Now that we've thought about the role of the abstraction layer, we can circle back to the idea of uniqueness constraints. Initially, I had framed this thought experiment as leaning on the "database" to enforce uniqueness constraints. But, now, I think we can see this was a mistake. Instead, the discussion should be framed as leaning on the "abstraction layer" to enforce uniqueness constraints. That is, that the abstraction layer should, as part of its contract, state that some methods will throw errors if uniqueness constraints are violated. Then, it's up to the data persistence implementations to uphold that contract.
Ultimately, what this means is that if we want to lean on the database to enforce uniqueness constraints, we're not running the risk of creating a leaky abstraction - the database implementation doesn't "leak" into the application. Instead, we're creating a more restrictive abstraction layer API that must propagate down into the various implementations. This may reduce the number of database implementations that can be used with our application; but, it does so in a clean, decoupled way.
Just a heads up, mongodb unique constraints get tricky with sharded collections.
I can imagine all kinds of things start to get more "interesting" when things are sharded. Unfortunately, sharding is not something I've had to deal with yet... or perhaps that is "fortunately" :)

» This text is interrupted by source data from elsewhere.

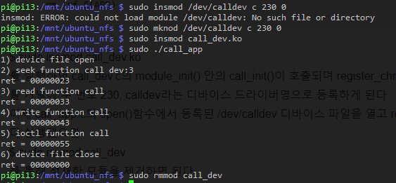 를 실행하면 call_dev.c의 module_init() 안의 call_init()이 호출되며 register_chrdev() 함수를 통해 문자 디바이스 드라이버를 커널에 주 번호 230, calldev라는 디바이스 드라이버명으로 등록하게 된다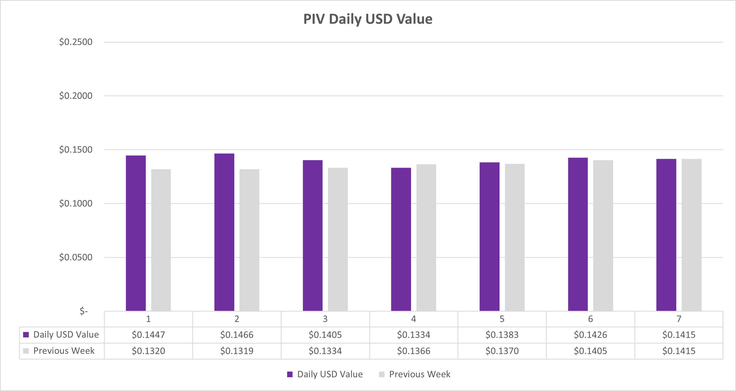 - Price Check: PIVX demonstrated more robust price action this week, with the Daily USD Value trading in a tighter and higher range between $0.13 and $0.15. This positive momentum contributed to an increase in the weekly average price, which climbed to $0.1411 from last week's $0.1361.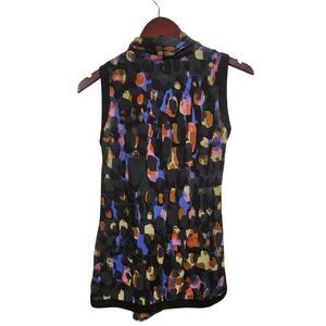 Cabi Faux Wrap Sleeveless Top Blouse Abstract Watercolor XS #3077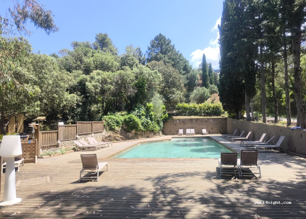 Camping bien ombragé. aucun service pour camping car. piscine sympa. soirée paella avec chants corses, 22€ même pour les enfants, cher....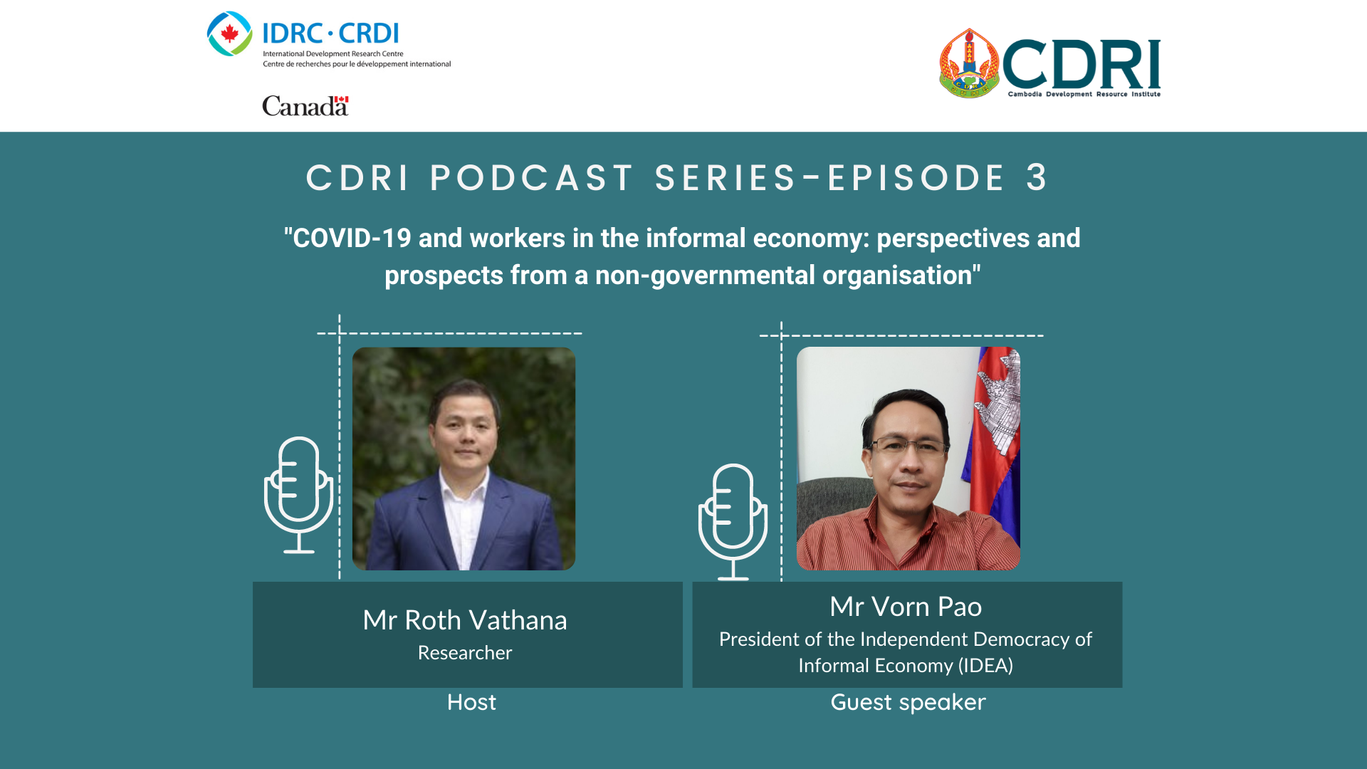 Our host, Mr Roth Vathana sat with Mr Vorn Pao, President of the Independent Democracy of Informal Economy (IDEA), to discuss the challenges and needs of informal workers during COVID-19, interventions that IDEA and the government have implemented to mitigate negative shocks of the pandemic on workers in the informal economy.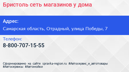 Бристоль, сеть магазинов у дома по адресу Самарская область, Отрадный, улица Победы, 7 в дальнейшем Организация, размещена в следующих категориях: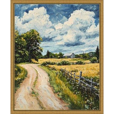 The artwork showcases a serene countryside scene with a winding dirt road leading through golden fields under a dramatic, cloud-filled sky. The road is flanked by vibrant greenery, and a rustic fence runs alongside it. In the background, lush trees and a small barn add to the idyllic rural setting. This canvas art print was created by Walker Noble and printed in Waunakee, WI. It is stretched across a solid surface to resist sagging. We use only premium, high-tension canvas. Our exclusive stretching techniques hide corner folds and provide a taut canvas surface. The artwork is authentically licensed. The canvas appears as if it is floating in the frame because it has a narrow gap between the edge of the canvas and the frame. Our canvas items are individually made using traditional custom framing techniques, it has the quality you would expect from your local frame shop.

I was talking to Brad Brewer the other day, and the topic of sharding came up, and he was like, "You don't need sharding." He was feeling pretty strongly that most people will never need sharding if they architect their applications correctly. Not to say that sharding is irrelevant -- only that you should try to put it off for as long as humanly possible (and most applications will never need it in the long run).
Couldn't agree more, the longer you can go without sharding the better. And if you feel like you have to shard there are usually better approaches than having your DB handle it for you, like microservices or logical partitioning of data by customer and so on.